= Instructions for the task =
The expected result is an exact copy of the lines from the one holding "HOT ! Generic" to the last line of the material, with pictures removed and nothing added.

= Information provided =
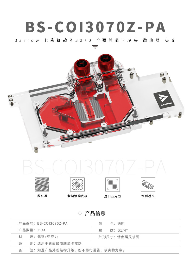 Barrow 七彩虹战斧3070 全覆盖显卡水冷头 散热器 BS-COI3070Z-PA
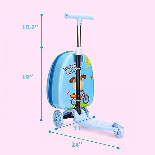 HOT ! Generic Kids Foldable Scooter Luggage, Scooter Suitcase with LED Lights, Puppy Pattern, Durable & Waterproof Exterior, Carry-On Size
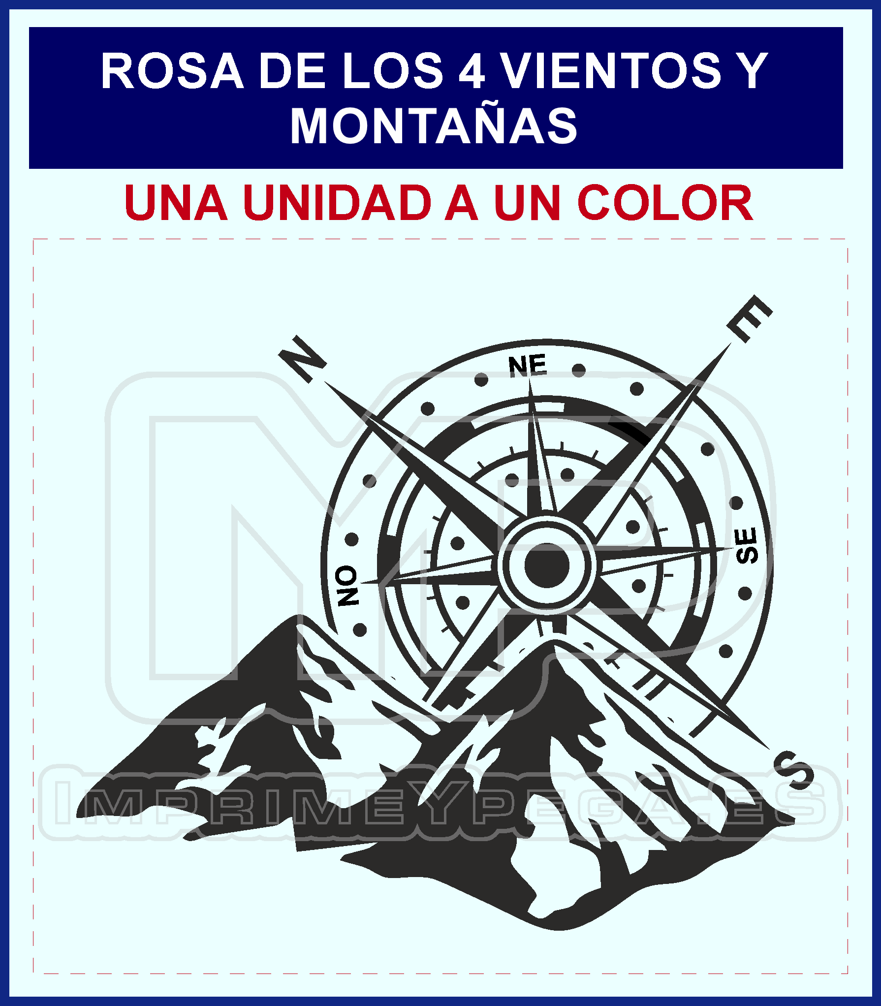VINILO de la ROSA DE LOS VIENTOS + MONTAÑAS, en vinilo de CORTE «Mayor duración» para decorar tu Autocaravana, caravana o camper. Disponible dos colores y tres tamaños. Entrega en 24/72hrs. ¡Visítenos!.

= Task response =
 HOT ! Generic Kids Foldable Scooter Luggage, Scooter Suitcase with LED Lights, Puppy Pattern, Durable & Waterproof Exterior, Carry-On Size
VINILO de la ROSA DE LOS VIENTOS + MONTAÑAS, en vinilo de CORTE «Mayor duración» para decorar tu Autocaravana, caravana o camper. Disponible dos colores y tres tamaños. Entrega en 24/72hrs. ¡Visítenos!.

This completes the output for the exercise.